Help end medical misogyny. Sign our petition.

Help end medical misogyny.
Sign our petition.

Sign the petition

Please or to access all these features

Sex

You need to have been registered for 7 days to post in the Sex forum. Please don’t send unwanted PMs to other users.

Nearly 50 and bored with sex in a long marriage

17 replies

Boredwife99 · 08/07/2026 22:35

Here goes. Im married, and hes a good guy. Weve been together 27 years married 25. We have careers, house and grown up kids.

But!!! Im bored, I know im being a brat, I do. Hes muscular, (spends more time jn the gym than at home), hes good looking (everyone tells me that). But our sex life ugh! Im so bored of it. If he had his way we'd do it every day, but its the same thing all the time. Literally, even the thought of it makes me roll my eyes.

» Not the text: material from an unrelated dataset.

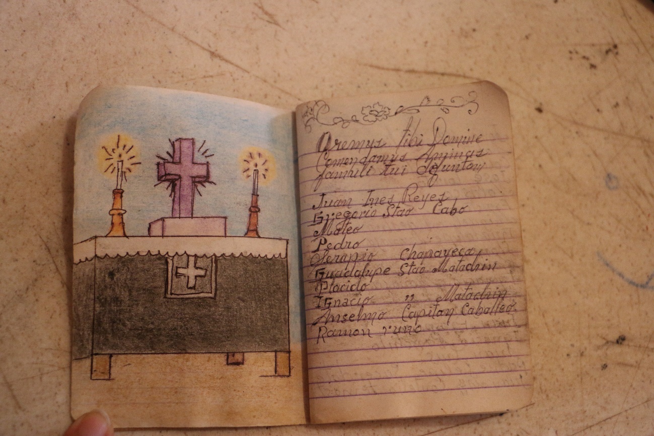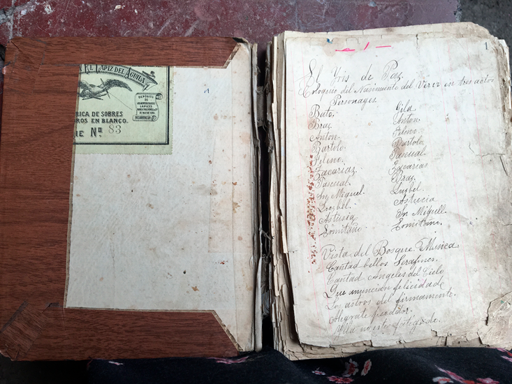 No obstante, en un momento dado, durante el trabajo de campo, me fue mostrada, sin duda ante mi insistencia en saber acerca de los libretos, una caja de madera apolillada, polvorienta y desgastada por el paso del tiempo (véase la Imagen 2); contenía siete libretos, todos manuscritos, con características, materiales y de contenido, similares a las que he descrito en el caso de Ihuatzio y de los tres documentos antiguos en lengua tarasca. Nadie supo o nadie quiso decirme precisamente a quien pertenecían estos libretos que describiré en adelante.La respuesta más común era: “no te puedo decir de esas cosas, está prohibido, pues”. Como veremos, esto se debe al modo particular en que son tratados los libretos, las prohibiciones de que son objeto. Así que por el momento no me queda más que aventurar que esta caja con estos libretos, que tienen huellas que revelan mucha antigüedad, bien pueden ser parte del repertorio de uno de los tres maestros de pastorela de Comachuén.

So, I am super aware this could be my hormones, im nearly 50, but I can't help but think its us. Has the spark gone? Can I rekindle it? Has anyone gone through this and found something that lit them up agajn?? Am I doomed to never enjoy sex again?? Pls help me.

OP posts:
FannyCraddocksPantry · 08/07/2026 22:40

What would you like him to do differently? Spice it up a bit? Have you tried communicating this to him? He may be quite willing to listen to you, no?

Boredwife99 · 08/07/2026 22:43

FannyCraddocksPantry · 08/07/2026 22:40

What would you like him to do differently? Spice it up a bit? Have you tried communicating this to him? He may be quite willing to listen to you, no?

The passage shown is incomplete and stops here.